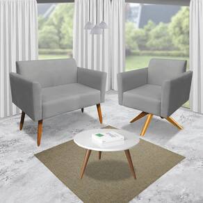 Kit 01 Namoradeira e 01 Poltrona Marisa Suede Grafite Base Giratória Madeira MA30 D'Rossi
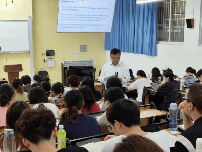 2023年12月12日下午,bevitor伟德英语系在海甸校区5-111教室开启冬季小学期授课。本次冬季小学期特别邀请湖南师范大学公司教授、博士研究生导师、教育部高等教育评估中心师范类专业认证专家、第四届全国“明德教师奖”获得者陈敏哲教授,围绕“高级英语写作与思辨能力培养”主题,为2021级英语专业同学进行授课。
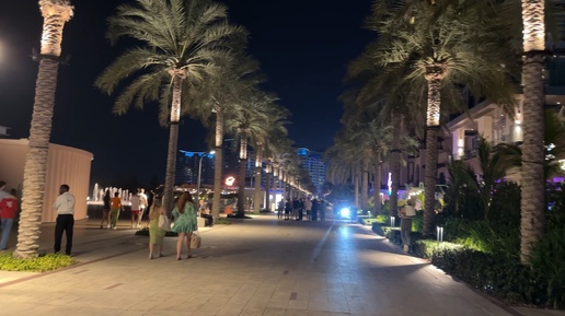Дубай🇦🇪[4K] Palm Jumeirah, вечерняя пешая прогулка
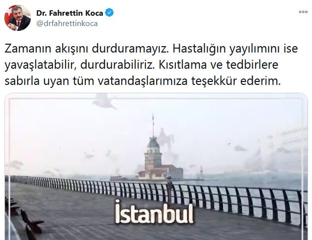 Sağlık Bakanı Fahrettin Koca, sosyal medya sitesi Twitter üzerinden yaptığı paylaşımda şu ifadeleri kullandı:* Zamanın akışını durduramayız. Hastalığın yayılımını ise yavaşlatabilir, durdurabiliriz. Kısıtlama ve tedbirlere sabırla uyan tüm vatandaşlarımıza teşekkür ederim.Bakan Koca, ayrıca paylaşımına 81 ilden boş sokakların yer aldığı bir de video ekledi. (İHA)
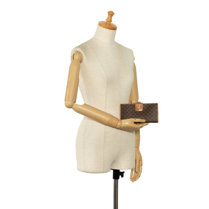 セリーヌ マカダム がま口 長財布 ブラウン PVC レザー レディース CELINE 【中古】
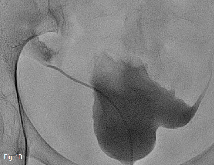 경정맥 신우조영술과 방광조영술에서 좌측 요관 원위부에서 다양의 조영제 유출이 관찰되었다. 소변길 전환을 위해 경피적 신루설치술(PCN)을 우선적으로 시행하였다.
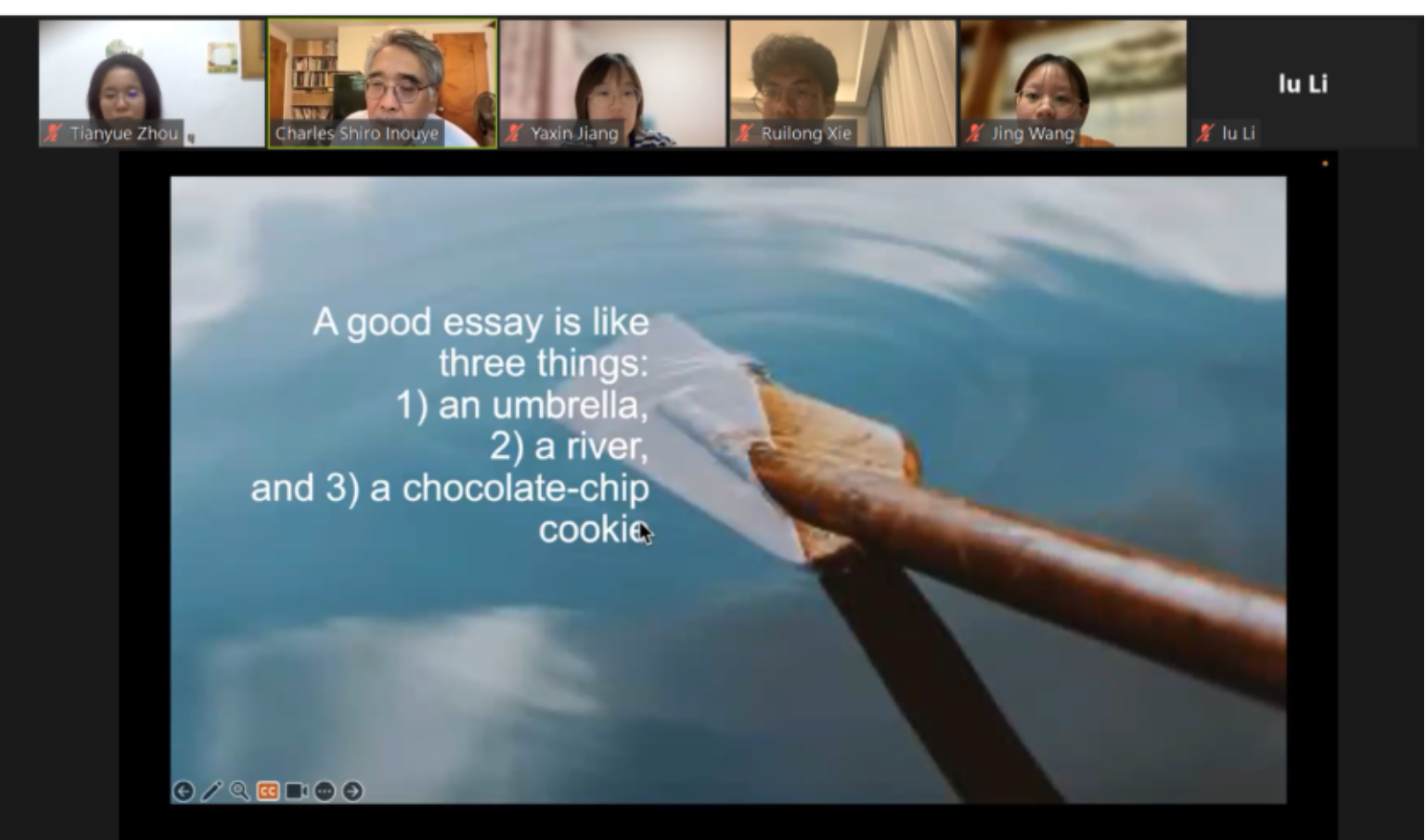 7月 24 日,开班仪式以zoom网络会议方式举行,由塔夫茨大学Aida Vidan教授主持。塔夫茨大学国际文学与文化研究系主任Charles Shiro Inouye教授出席,John Lehman博士和课程助教李时君同学参加了开班仪式。Aida Vidan教授简要介绍了本次暑期课程的缘起和日程安排,并详细介绍了授课教师的研究方向。随后,同学们用英语进行了自我介绍,表达了自己对课程的理解与期待。

- [EXERCISE INSTRUCTIONS] Leave the pictures out and return each entry exactly.

- [EXERCISE RESULT]
 Kit 01 Namoradeira e 01 Poltrona Marisa Suede Grafite Base Giratória Madeira MA30 D'Rossi
 2023年12月12日下午,bevitor伟德英语系在海甸校区5-111教室开启冬季小学期授课。本次冬季小学期特别邀请湖南师范大学公司教授、博士研究生导师、教育部高等教育评估中心师范类专业认证专家、第四届全国“明德教师奖”获得者陈敏哲教授,围绕“高级英语写作与思辨能力培养”主题,为2021级英语专业同学进行授课。
Дубай🇦🇪[4K] Palm Jumeirah, вечерняя пешая прогулка
 Sağlık Bakanı Fahrettin Koca, sosyal medya sitesi Twitter üzerinden yaptığı paylaşımda şu ifadeleri kullandı:* Zamanın akışını durduramayız. Hastalığın yayılımını ise yavaşlatabilir, durdurabiliriz. Kısıtlama ve tedbirlere sabırla uyan tüm vatandaşlarımıza teşekkür ederim.Bakan Koca, ayrıca paylaşımına 81 ilden boş sokakların yer aldığı bir de video ekledi. (İHA)
 セリーヌ マカダム がま口 長財布 ブラウン PVC レザー レディース CELINE 【中古】
 경정맥 신우조영술과 방광조영술에서 좌측 요관 원위부에서 다양의 조영제 유출이 관찰되었다. 소변길 전환을 위해 경피적 신루설치술(PCN)을 우선적으로 시행하였다.
 7月 24 日,开班仪式以zoom网络会议方式举行,由塔夫茨大学Aida Vidan教授主持。塔夫茨大学国际文学与文化研究系主任Charles Shiro Inouye教授出席,John Lehman博士和课程助教李时君同学参加了开班仪式。Aida Vidan教授简要介绍了本次暑期课程的缘起和日程安排,并详细介绍了授课教师的研究方向。随后,同学们用英语进行了自我介绍,表达了自己对课程的理解与期待。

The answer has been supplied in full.